Every recording submitted through Mecka passes through an automated pipeline that validates quality, extracts features, and prepares the data for use by robotics teams.

Pipeline Stages

1. Ingestion

Raw recordings are uploaded to object storage via the API gateway. Metadata (device info, quest ID, contributor ID, timestamps) is stored in PostgreSQL.

2. Pre-processing

  • Video normalization (resolution, frame rate, codec)
  • Depth map alignment
  • Audio separation

3. Quality Assurance

Automated QA checks include: - Completeness: Did the contributor perform the full task? - Visibility: Are hands and objects clearly visible throughout? - Stability: Is the footage stable enough for pose extraction? - Lighting: Is the scene adequately lit? - Duration: Does the recording meet minimum length requirements?

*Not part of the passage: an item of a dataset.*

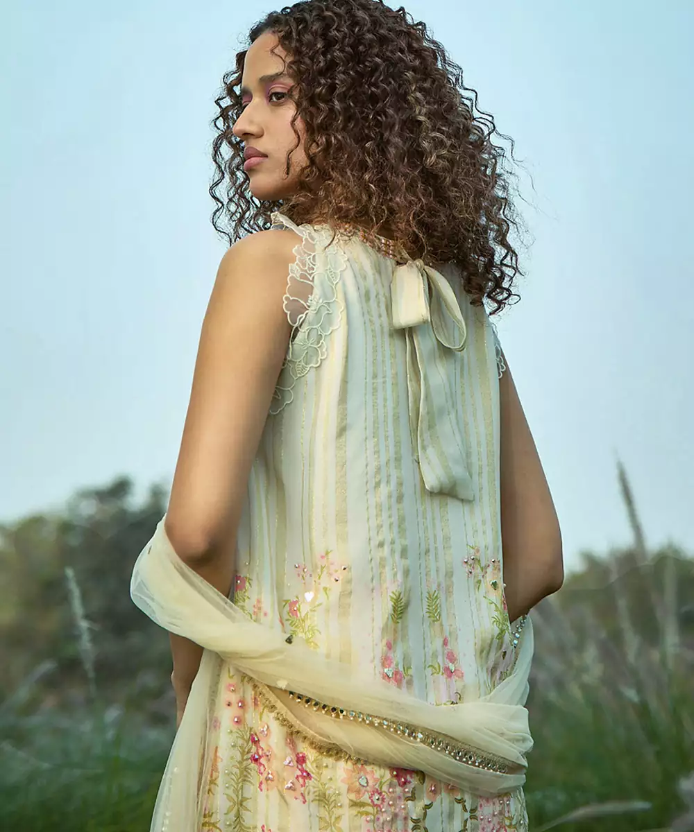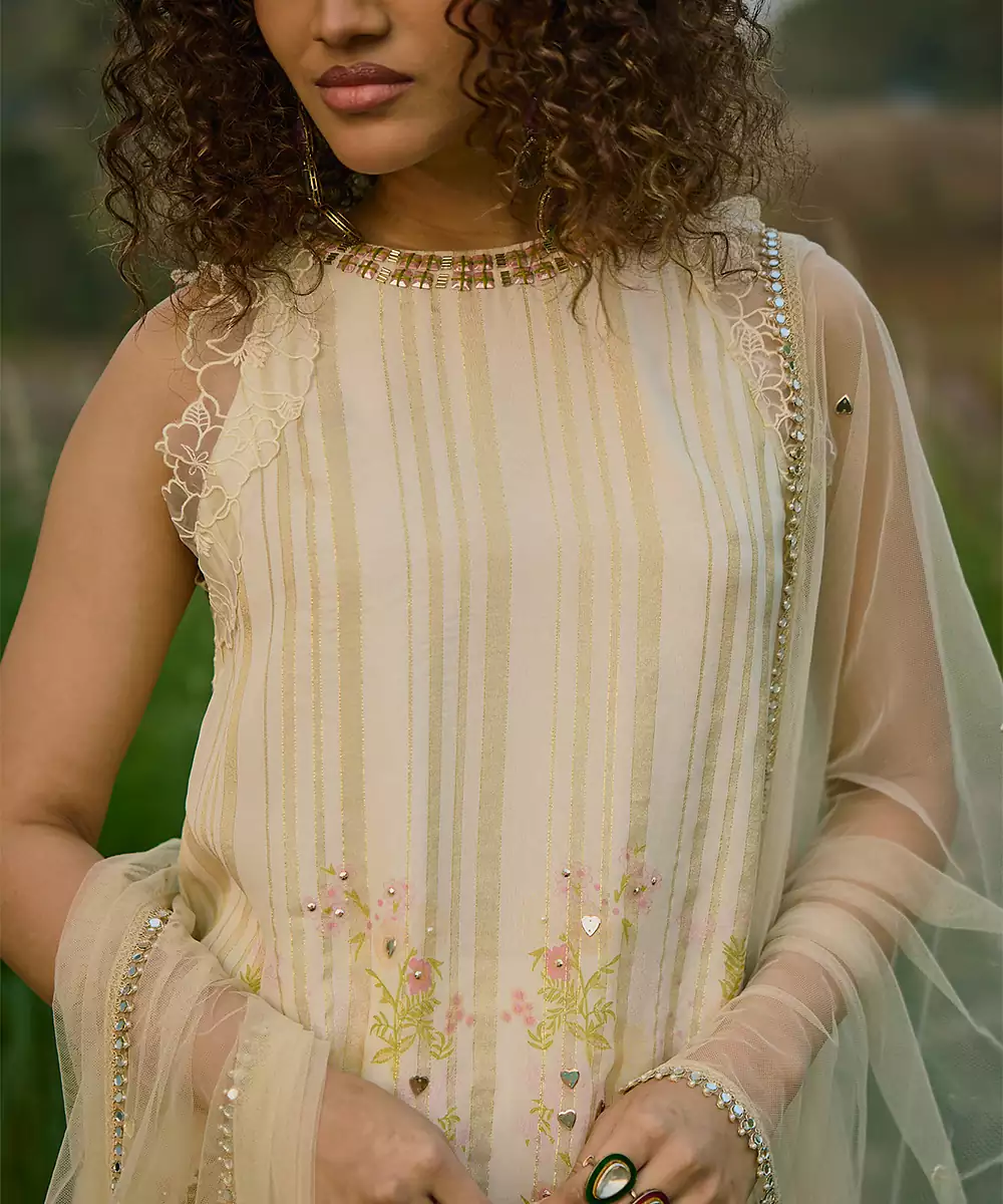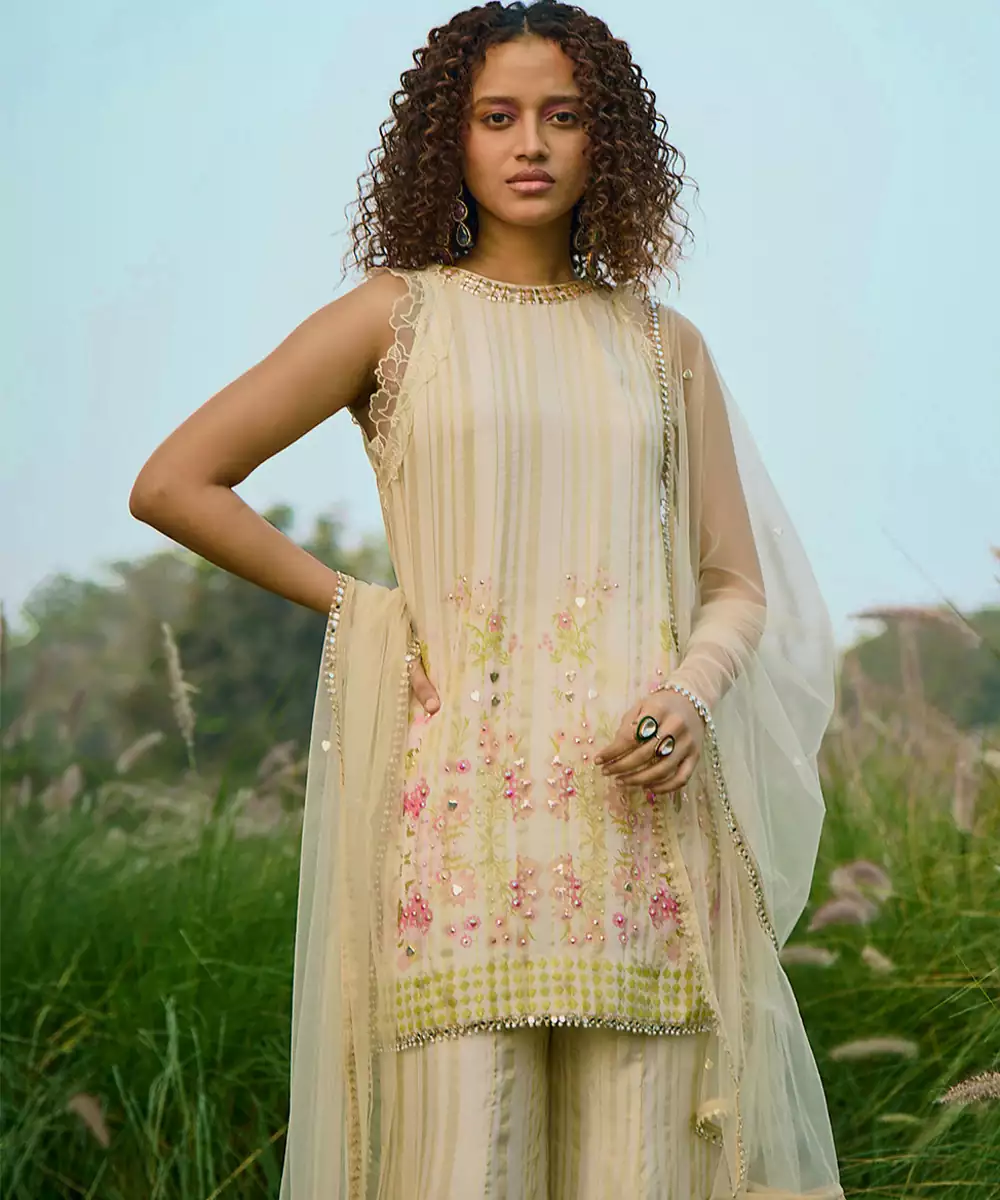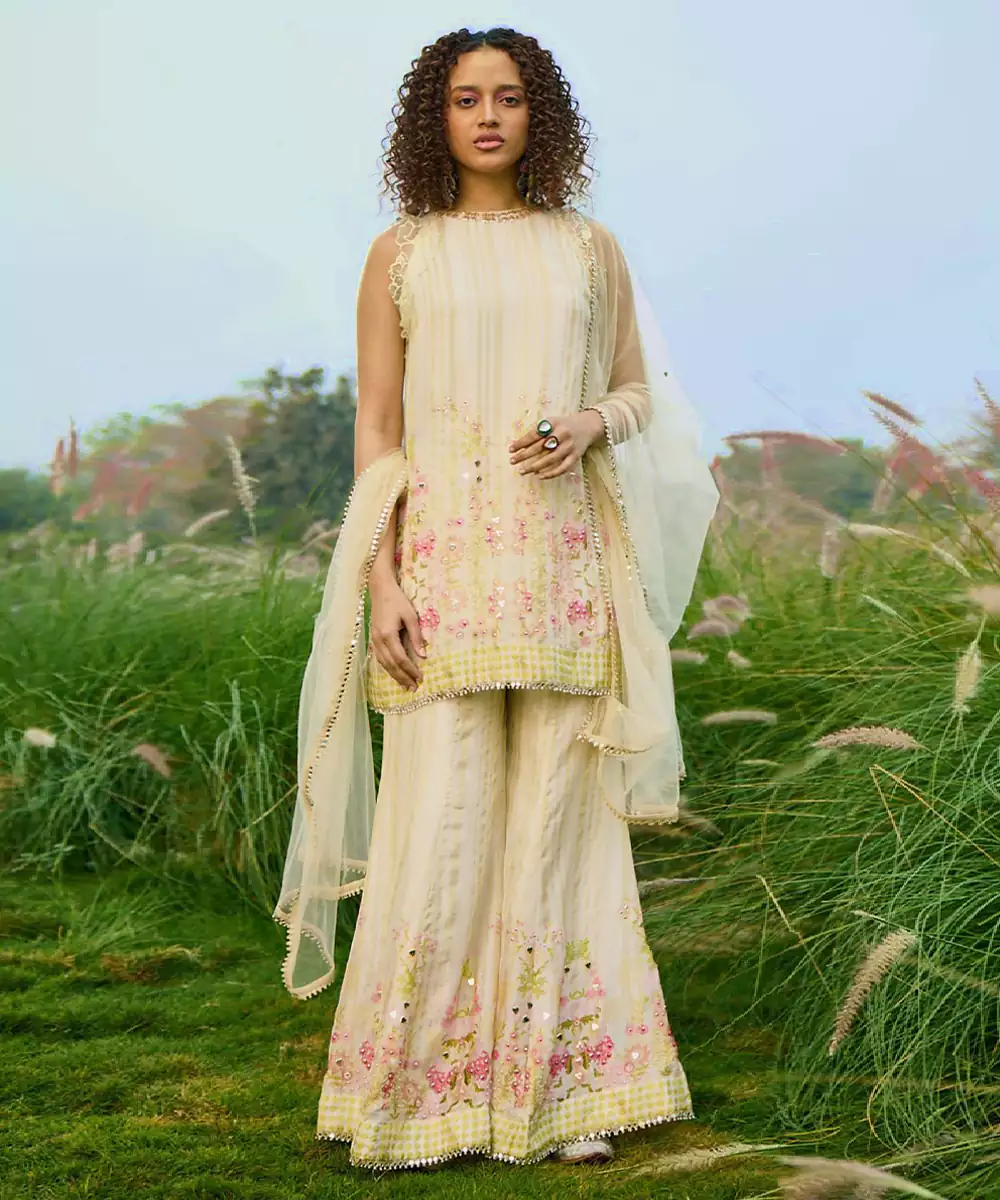 This Cream Net Sharara Set Showcases Intricate Embroidery That Adds A Touch Of Elegance. The Lightweight Fabric And Flared Sharara Create A Graceful Silhouette. Perfect For Festive Occasions Or Celebrations, It Pairs Beautifully With Statement Jewelry For A Sophisticated And Timeless Look.

Each check produces a score. The aggregate determines pass/fail and the quality multiplier applied to rewards.

4. Feature Extraction

  • Pose estimation: 3D hand and body keypoints (21 keypoints per hand, 33 body landmarks)
  • Object detection: Bounding boxes and labels for task-relevant objects
  • Action segmentation: Temporal boundaries of discrete actions within the recording

5. Classification

Recordings are tagged with ROBO categories and task-specific labels. See ROBO Categories for the full taxonomy.

6. Indexing

Processed data is indexed and made available through the HAN SDK with queryable metadata (category, quality score, task type, environment, contributor reputation).

Processing Infrastructure

The pipeline runs on Ray, a distributed computing framework. This allows horizontal scaling as submission volume grows. Each stage is an independent Ray task, enabling parallel processing and fault isolation.